◆ TO DO
What you output must be the exact lines from the first line of the data through the one holding "With its vibrant", with no pictures.

Records from a dataset
———

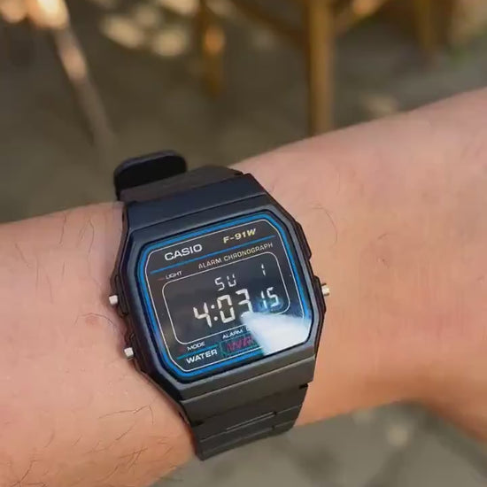 EON “Classic Black” – F-91W Custom Casio Mod – All-Black Modified Casio Digital Watch with Oil-Filled Case – Hydromod Digital Watch - F91
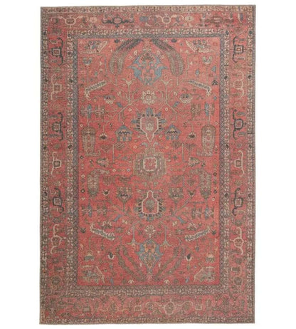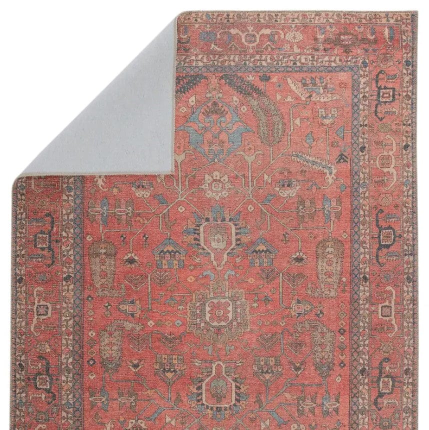 With its vibrant brick red, terracotta, and blue tones, this rug adds a touch of luxury to any space.
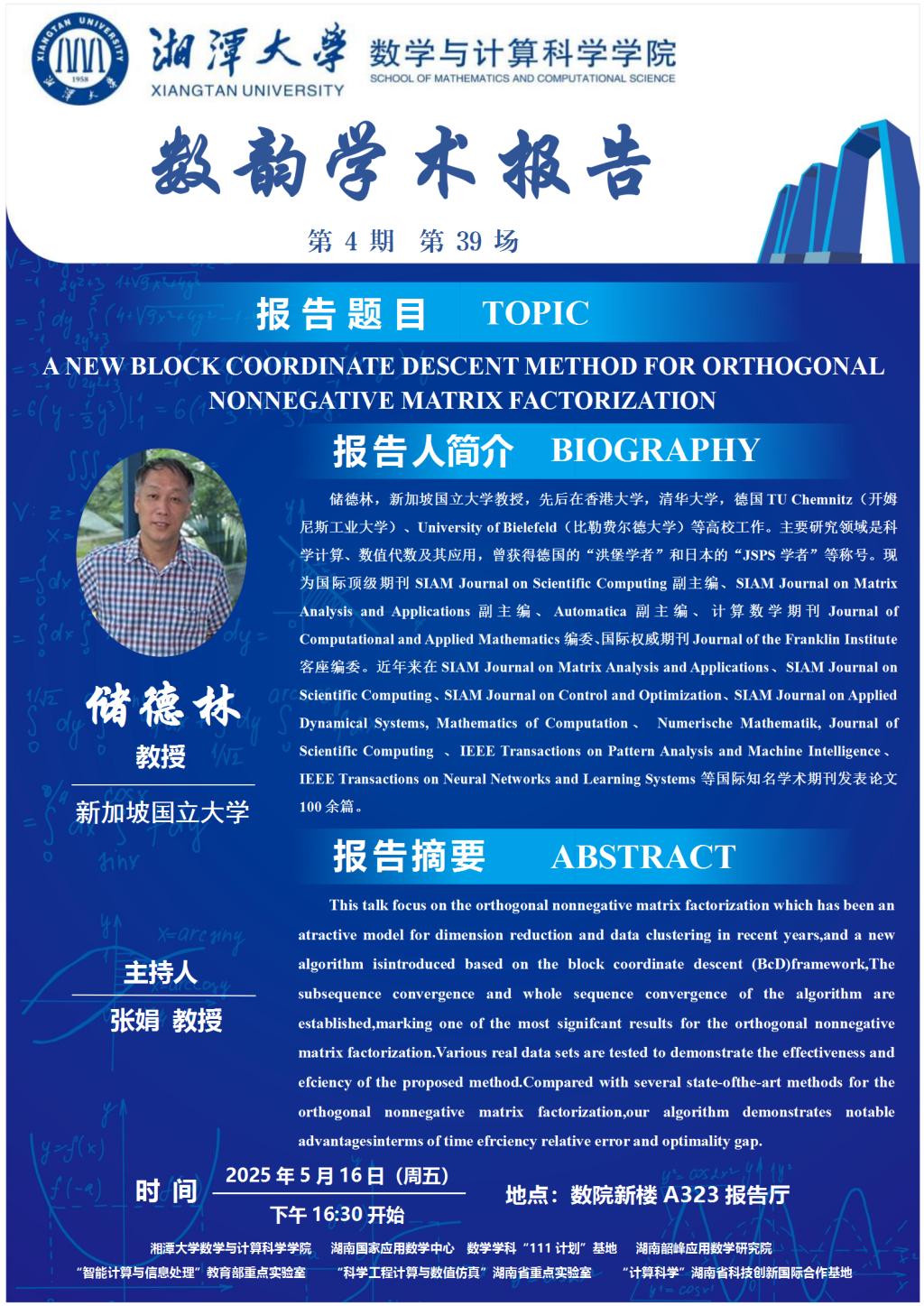 数韵学术报告-A NEW BLOCK COORDINATE DESCENT METHOD FOR ORTHOGONAL NONNEGATIVE MATRIX FACTORIZATION
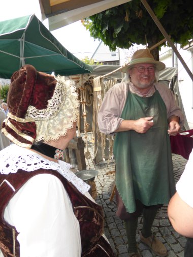 „Ist doch Ehrensache“, war die Antwort von Schmiedemeister Robert Höck auf die Frage, ob er wieder beim 8. Stadtfest „Friedberger Zeit“ mitmachen wolle. Genau diese Ehre hatte im Bewusstsein der Bürger im 18. Jahrhundert eine hohe Bedeutung. Nur ehrsame und ehrliche Leute konnten ein Handwerk erlernen. Unehrlichkeit oder eine schimpfliche Strafe, z.B. das Stehen am Pranger hatte den Ausschluss aus der Zunft zur Folge. Dabei wurde dem Handwerker der zur Zunfttracht gehörende Ohrring ausgerissen. „Schlitzohr“ ist seitdem die Bezeichnung für einen listigen Menschen.
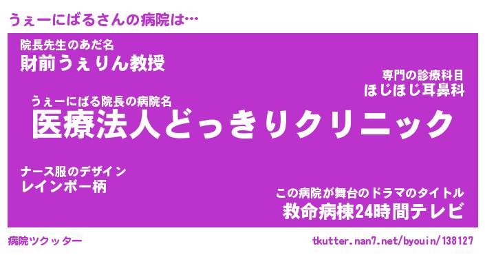 | ヒーロー風カッコイイあだ名 | 『スーパーウェーニバル』『天弓騎士ウェ』 |
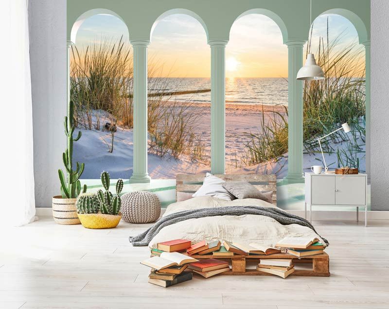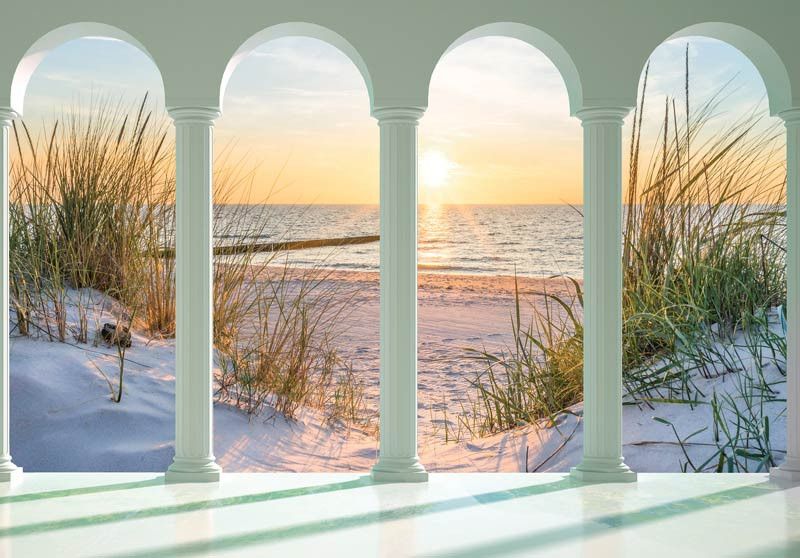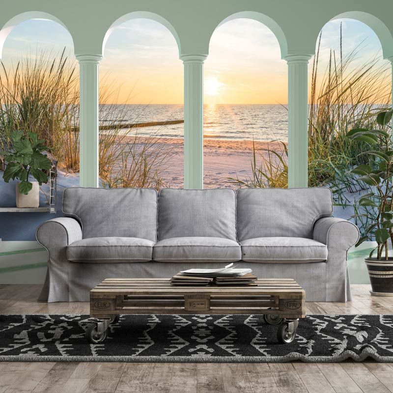 Fototapete 3D-Ansicht von Dünen, Strand und Meer

———

◆ RESULT
 EON “Classic Black” – F-91W Custom Casio Mod – All-Black Modified Casio Digital Watch with Oil-Filled Case – Hydromod Digital Watch - F91
 With its vibrant brick red, terracotta, and blue tones, this rug adds a touch of luxury to any space.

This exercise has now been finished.